I think the best example of the production’s success is in the second story when the contractor meets with two very strange prospective homeowners. They’re introduced after a technical malfunction with the lights, so this scene becomes a perfect blend of everything great about this film’s production. The exaggerated physical attributes of the homeowner, the ruffling of the hairs on one of their heads, combined with the gravelly voice acting, flickering lights, and low buzzing sound underneath it all creates a very unsettling atmosphere. This was one of the best moments in the film and it’s not the only one. The House is effective at creating a mood when it wants to and that’s because of the technical chops of its production.

I have nothing bad to say about the technical elements of this movie, but for me personally it’s not why I would ever go watch something and I don’t think I’m alone.

Closing Thoughts

The House is effectively three short films back-to-back. In the short film community, everyone knows the biggest challenge is the fact absolutely no one cares about your short film. Think of all the times you had the opportunity to watch a short film, online, for free, and you didn’t. All that content is sitting out there and you don’t watch it. There are short films by famous directors legally available on YouTube. No one watches them. I think this is because people intuitively know short films are not usually in service to the audience but in service to its creators. They are beta testing a visual style or they want to prove they can produce a coherent film so they can get funding for a bigger project. If you’re like me and you watch movies for the chance of a meaningful experience. You’re not going to get that from what is effectively a tech demo. That is what The House felt like. An exceedingly competently made film with a fairly loose premise and not much beyond that.

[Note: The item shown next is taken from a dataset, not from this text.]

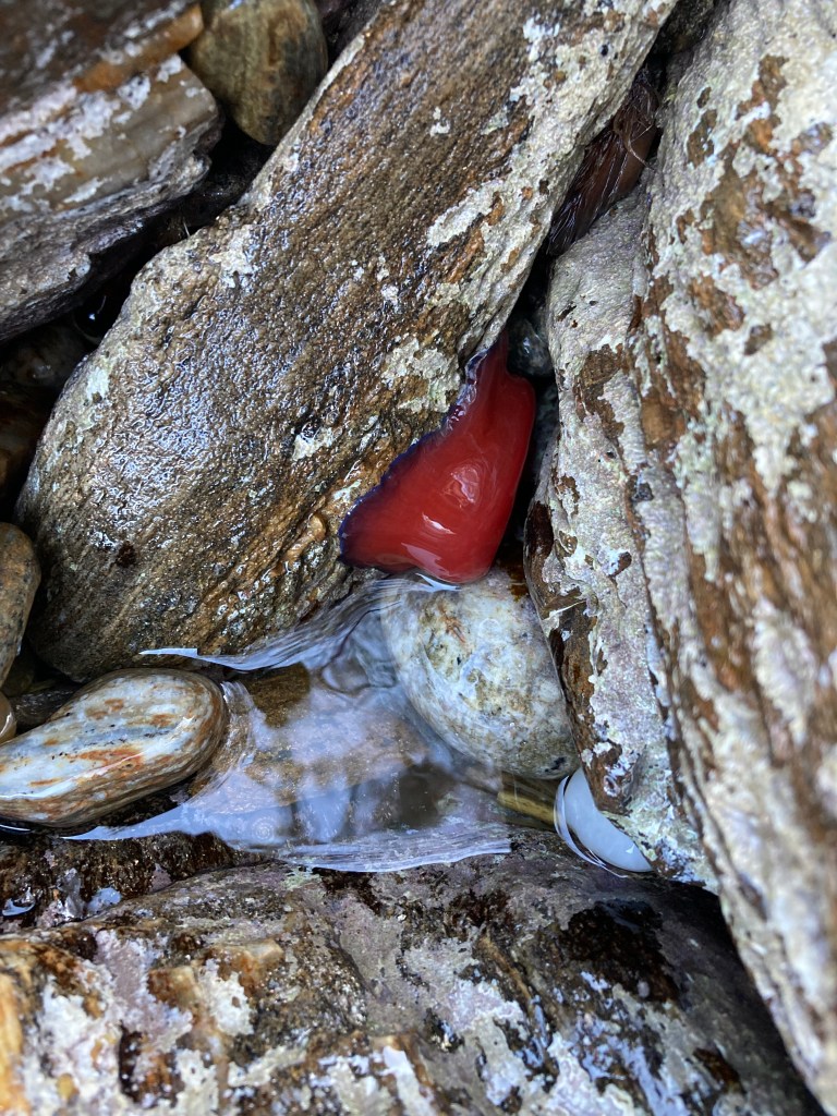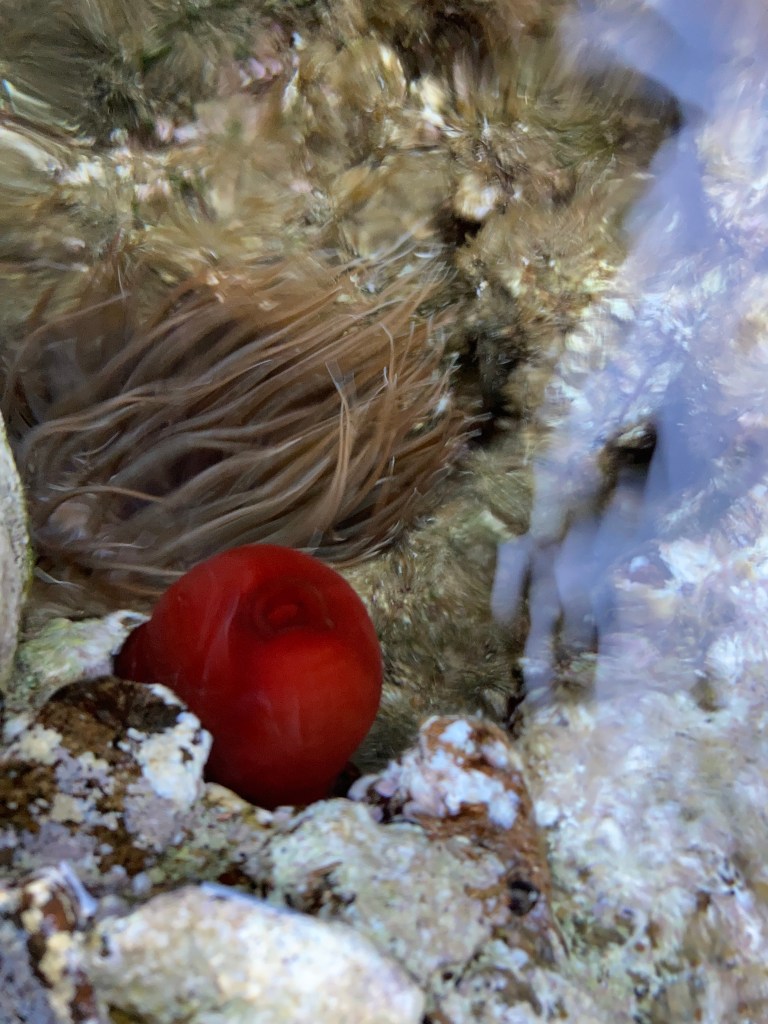 This beach is not the easiest to swim maybe but if you like exploring nature you are going to love it here! Search for anemones!!! You can find quite easily sea tomatoes (actinia mediterranea). But there could also be some beadlet anemones (actinia equina) – it is difficult to tell which one is which. These anemones retract their tentacles when exposed to air and do not like direct sun.

I’d give this movie a 3 out of 5. It is fine. As I said before, it’s not notably bad. It’s a movie I am totally ambivalent toward. Which is how I feel about the majority of Netflix’s original films. They are excessively inoffensive. The production quality is very high. If I were a producer I’d greenlight a project from all three creators. They seem to know what they’re doing. I just wish they dedicated their skills toward something with more of a point.